Key parameters in snow.conf
Parameter | Function |
---|---|
SITE_PROXY_SERVER | |
SITE_PROXY_PORT | Used to define the institutional proxy server and the port available |
SITE_NTP_SERVER | Used to define the institutional NTP server |
SITE_LDAP_SERVER | |
SITE_LDAP_URI | |
SITE_LDAP_TLS | |
SITE_LDAP_PROTO | |
SITE_LDAP_BASE | Used to define the institutional LDAP server and associated parameters |
SITE_MAIL_SERVER | |
SITE_MAIL_USER | |
SITE_MAIL_PASSWORD | Used to define the institutional email server and associated parameters |
SITE_SYSLOG_SERVER | Used to define the institutional proxy server |
snow_reference_template
Template to help sNow! users develop their own roles quickly.
swarm-manager
Installs and sets up the Docker Swarm Manager to accommodate Docker based services. This role installs Portainer by default, which is a simple management solution for Docker. It consists of a web UI that allows you to easily manage your Docker containers, images, networks and volumes. In addition to that, the role also deploys “hello-world” Docker containers which are populated and replicated across all the swarm workers.

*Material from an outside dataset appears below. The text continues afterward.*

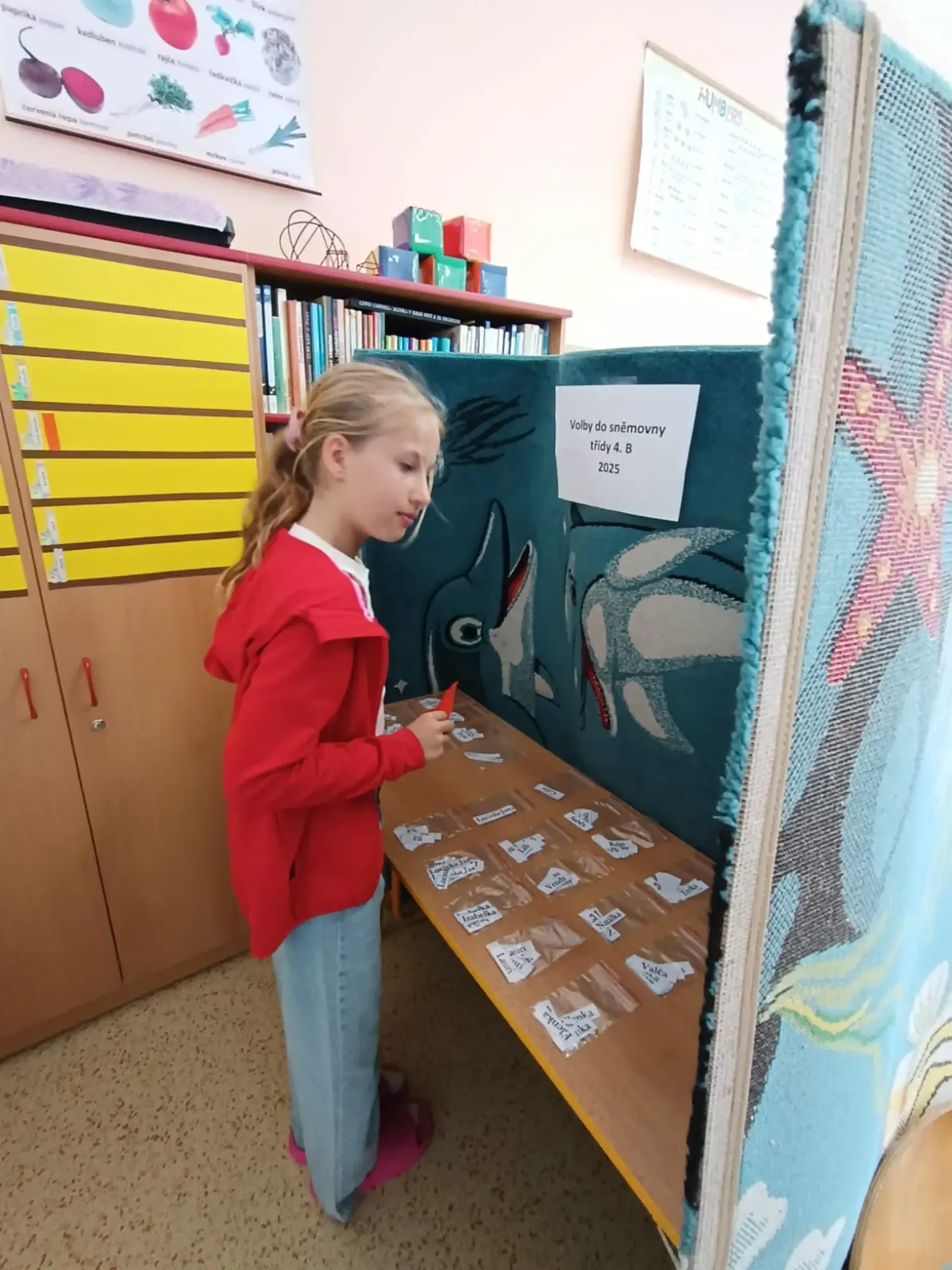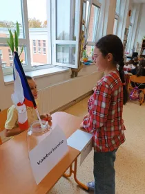 Žáci si přinesli platný doklad (OP, kartičku na dopravu...), třída se proměnila ve volební místnost. Byla zvolena volební komise, která kontrolovala platnost dokladů a obálek, které si žáci k tomu účelu vyrobili a paní učitelka je orazila.
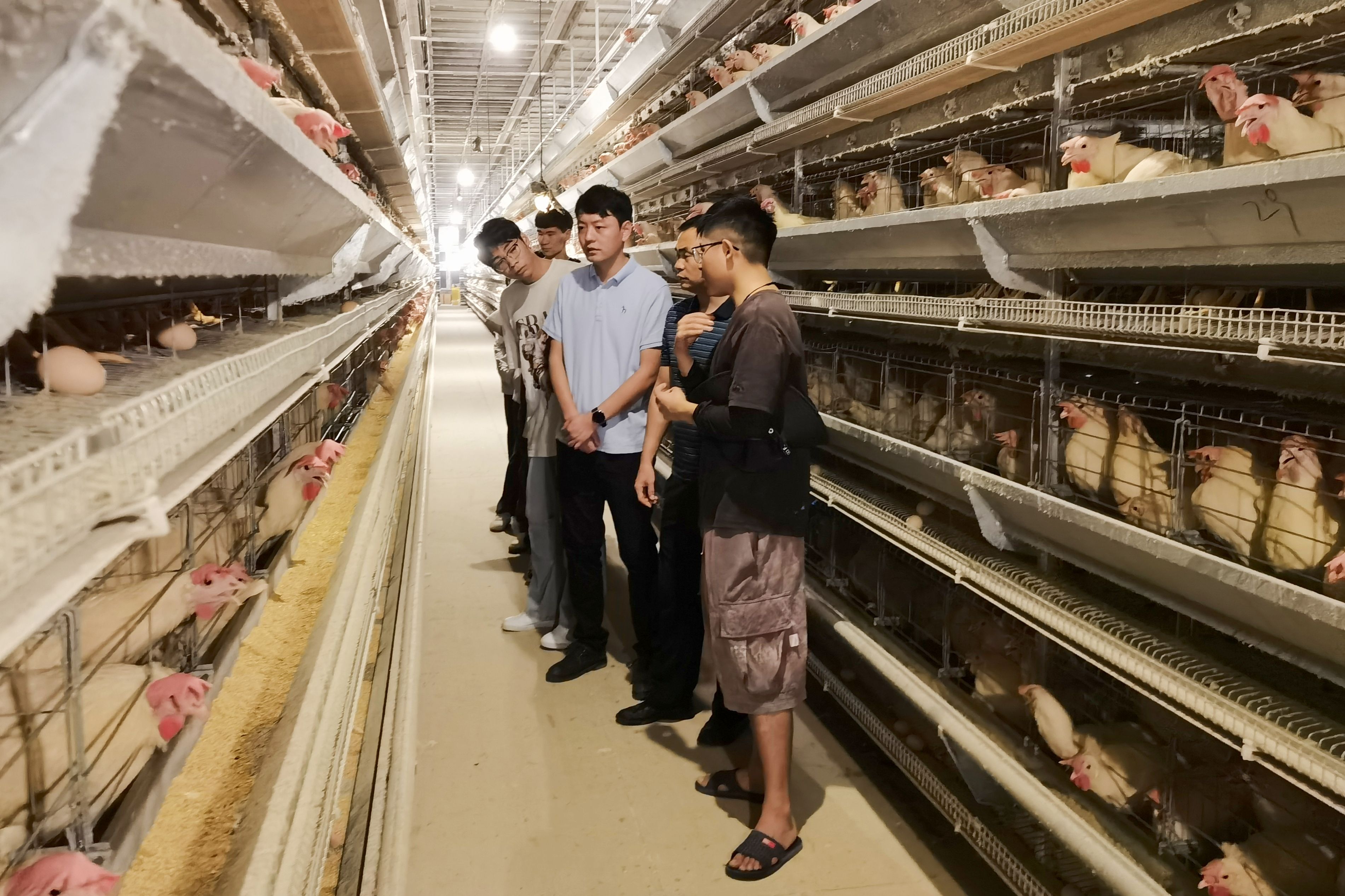 在广西三江腾竣农业有限公司的沙宜蛋鸡养殖示范基地,标准化鸡笼排列整齐,其喂料、拣蛋、集粪、光照、控温等程序全部自动运行。实践团师生通过实地参观全面了解企业的发展历程、业务板块、生态保护、粤桂协作等情况,并与技术人员详细探讨蛋鸡养殖的关键要素、创新工艺和实践经验。

Important note: Portainer requires you to setup a password the first time you initiate the service. Please access the Portainer allocated in your swarm-manager domain and setup the admin password before to move the service to production.
Since the system doesn’t know what services are going to be allocated in that domain, no additional firewall filters will be applied.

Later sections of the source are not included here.